Leave out the pictures, and retype the remaining data exactly.

#### COLLECTED DATA:
§
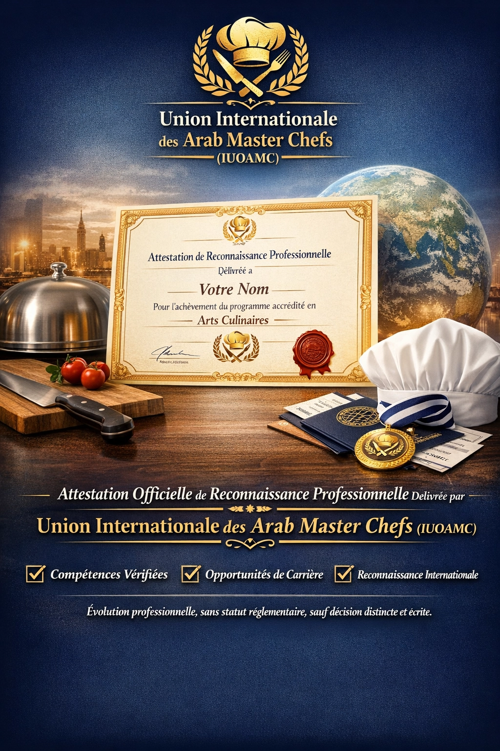 عند إتمام برامجنا المعتمدة، يحصل المشاركون على شهادة اعتراف مهني رسمي صادرة عن الاتحاد الدولي ماستر شيف العرب (IUOAMC)، تُثبت استيفاءهم لمتطلبات البرنامج من حيث الكفاءة، والمعرفة، والتقييم المعتمد في مجالات فنون الطهي.
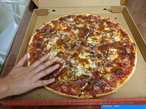 No large pizzas were available so either a small or a family had to be chosen. I ordered a family super supreme, and can I say, being from a European background, I know my pizzas.... When the pizza came out it was honestly the biggest pizza I have ever seen. It almost did not fit in my front seat of car and once I started eating it, I couldn't stop, It really was sensational. HOT, Tasty and straight out of the oven FRESH.
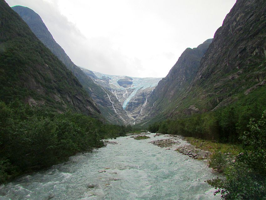 Schließlich kommt unser Bus wieder angerollt, wir steigen ein und es geht - zunächst über die schmale Brücke - danach auf spektakulärer Strecke zurück in Richtung Olden. Ein letzter Blick auf den Kjenndalsbreen. Mach´s gut, Gletscher! Wenn ich dich eines Tages mal wieder besuche, hast du dein eiskaltes Antlitz sicherlich verändert. Und ich befürchte, die Veränderung wird dramatisch sein … Gedanken, die mich trotz der Schönheit dieser Landschaft an diesem Tag auch sehr nachdenklich machen …
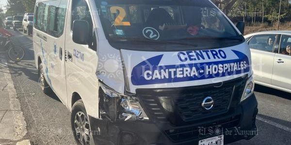 Los primeros reportes indican que una combi de la ruta Canteras-Hospitales, impactó por alcance a un taxi color gris, con placas de circulación 27-74-MDE.
§
#### OUTPUT:
 عند إتمام برامجنا المعتمدة، يحصل المشاركون على شهادة اعتراف مهني رسمي صادرة عن الاتحاد الدولي ماستر شيف العرب (IUOAMC)، تُثبت استيفاءهم لمتطلبات البرنامج من حيث الكفاءة، والمعرفة، والتقييم المعتمد في مجالات فنون الطهي.
 No large pizzas were available so either a small or a family had to be chosen. I ordered a family super supreme, and can I say, being from a European background, I know my pizzas.... When the pizza came out it was honestly the biggest pizza I have ever seen. It almost did not fit in my front seat of car and once I started eating it, I couldn't stop, It really was sensational. HOT, Tasty and straight out of the oven FRESH.
 Schließlich kommt unser Bus wieder angerollt, wir steigen ein und es geht - zunächst über die schmale Brücke - danach auf spektakulärer Strecke zurück in Richtung Olden. Ein letzter Blick auf den Kjenndalsbreen. Mach´s gut, Gletscher! Wenn ich dich eines Tages mal wieder besuche, hast du dein eiskaltes Antlitz sicherlich verändert. Und ich befürchte, die Veränderung wird dramatisch sein … Gedanken, die mich trotz der Schönheit dieser Landschaft an diesem Tag auch sehr nachdenklich machen …
 Los primeros reportes indican que una combi de la ruta Canteras-Hospitales, impactó por alcance a un taxi color gris, con placas de circulación 27-74-MDE.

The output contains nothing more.